I FINALLY got around to seeing this movie, I rented it on DVD. It was an amazing documentary! The cinematography and the "story" were just awe inspiring. Even though I did already know quite a bit of the life and death struggles of the Emporer penguins, it was incredible to see it done this way. Those are truly incredible and amazing birds!!! I cried a few times and other times I was just humbled beyond belief.

I know I'm way behind the times in seeing this but I just thought I'd put my two cents in as well as give it 2 thumbs up and 5 stars. I highly recommend it to anyone who hasn't seen this film.


----------



## Lovebirds (Sep 6, 2002)

Pigeonpal2002 said:


> Hi Everyone,
> 
> I FINALLY got around to seeing this movie, I rented it on DVD. It was an amazing documentary! The cinematography and the "story" were just awe inspiring. Even though I did already know quite a bit of the life and death struggles of the Emporer penguins, it was incredible to see it done this way. Those are truly incredible and amazing birds!!! I cried a few times and other times I was just humbled beyond belief.
> 
> I know I'm way behind the times in seeing this but I just thought I'd put my two cents in as well as give it 2 thumbs up and 5 stars. I highly recommend it to anyone who hasn't seen this film.

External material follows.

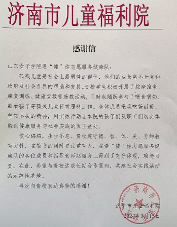 7月9日-15日,社会与法学院遇“健”你志愿服务健康队带着满腔的热情与关爱,踏上了三下乡的征途。活动自启动以来,志愿者们以青春之名,用实际行动诠释了爱与责任的深刻内涵,为济南市儿童福利院的孩子们送去了温暖与关怀。

We saw it also..........man what a life they have to live.....makes most all your worries pale in comparison. It's a MUST SEE film for sure..........


----------



## Lin Hansen (Jan 9, 2004)

Hi Everyone,

March of the Penguins won the Academy Award tonight for Best Documentary.

Linda


----------



## Pigeonpal2002 (Jul 27, 2002)

Hi Linda, 

Excellent...the movie definitely deserved an award! Great to hear I think I'm going to purchase the movie actually, it's a keeper and one to add to the collection!


----------



## Poulette (Feb 5, 2002)

Yes, such a great story! I loved it so much  

Suz.


----------